Have a look at the following table, which depicts a hypothetic parsed
worksheet. Be columns Path1 and Path2 declared grouping columns in
this order:

i	Path1	Path2	PropA	PropB
1	G1	GG1	Hello	3.14
2	G2	GG1	abc	1
3		G1	World	2.71
4	G3	GG1	foo	-1
5	G1		x	0.99
6	G3	GG2	bar	99

In this example row objects i=1, i=3 and i=5 reside in the same group G1
(i=1 in a nested subgroup GG1 of G1), which is a child of the root
group, the worksheet object. Its siblings are G2 and G3. Row objects
i=1 and i=5 make the reference to group G1 in column Path1, while row
object i=3 makes the reference to the same group in column Path2. The
sort configuration for group G1 and its siblings needs to be taken from
two different columns' attributes - and can easily be contradictory.
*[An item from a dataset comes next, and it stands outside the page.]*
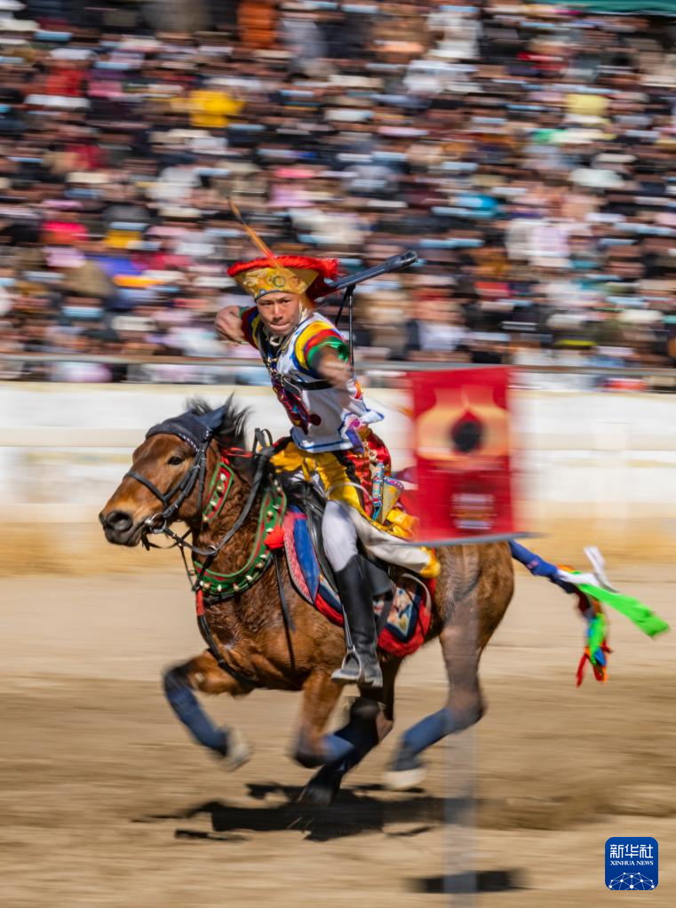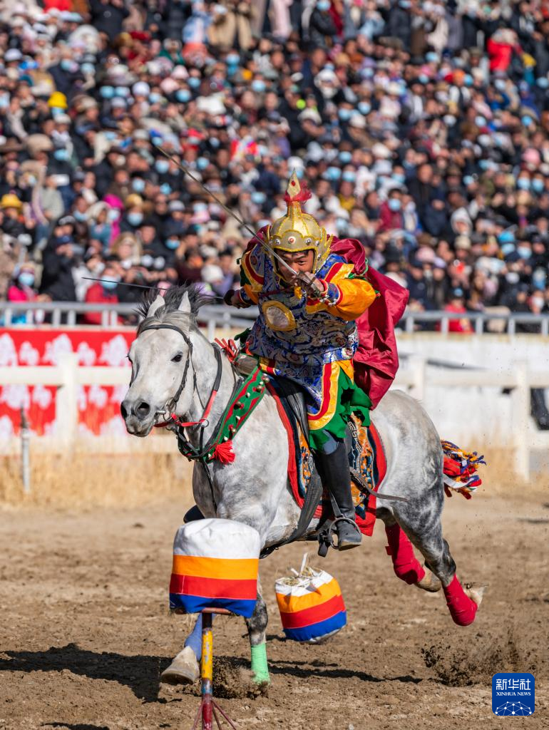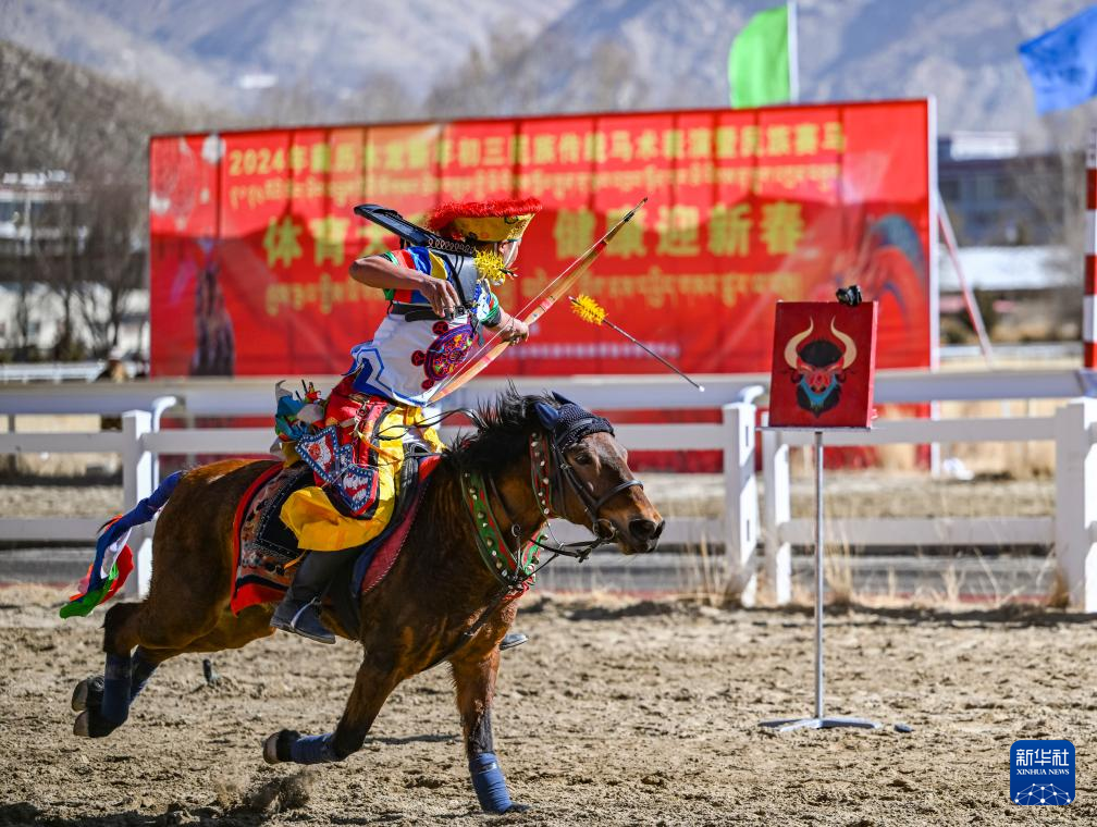 在拉薩賽馬場,騎手表演馬上射箭(2月12日攝)。新華社記者 孫非 攝 ??

This is resolved by the simple rule, that successfully running
excelExporter requires unambiguous configuration of sorting of groups. The
application run is otherwise aborted with error message and no output
shall be generated.

For our example it would mean to either specify the same sorting for both
columns Path1 and Path2 on the command line or to move the cell
contents "G1" in row i=3 from column Path2 to column Path1. Note,
while the latter has no impact on the grouping structure of the data model
will it alter the properties of row object i=3, which can be painful in a
real application with more meaningful column titles.

Sorting row objects

The row objects, which are owned by a group (which is the root container
representing the entire worksheet in simple cases), can be sorted, too.
This relates to the order of elements in the data model fields
<group.rowAry>.

The row objects are sorted with respect to the values of their properties.
Since properties are related to or constituted by columns is it natural to
find the sorting configuration again in the columns' attributes. Actually,
the same command line argument --sort-order-of-column is applied, this
time to one or more columns, which are not grouping columns.

If command line argument --sort-order-of-column is applied to a single
property column then the row objects will be sorted according to their
values of the property, which relates to that column.

Sorting of row objects is generally done in all the groups. It is
generally impossible to specify the sort order of row objects on a per
group base. All groups from a worksheet will always use the same sort
configuration. Different worksheets can have different column attributes
and can consequently use differing sort configurations.

Prioritized sorting

Row objects can have several properties constituted by several columns.
All of these can be specified to do sorting. All sorted columns get a
priority; the priority can either be set explicitly with command line
argument --sort-priority-of-column or it is determined by the order of
appearance of the column attributes specification on the command line:
columns specified earlier get the higher priority.

If sorting is done according to more than one property then the row
objects are basically sorted according to the values of the property with
highest priority; only those row objects, which have the same property
value will be decided according to the sorting property with next lower
priority.

Prioritized sorting of row objects is demonstrated in sample sortedTable.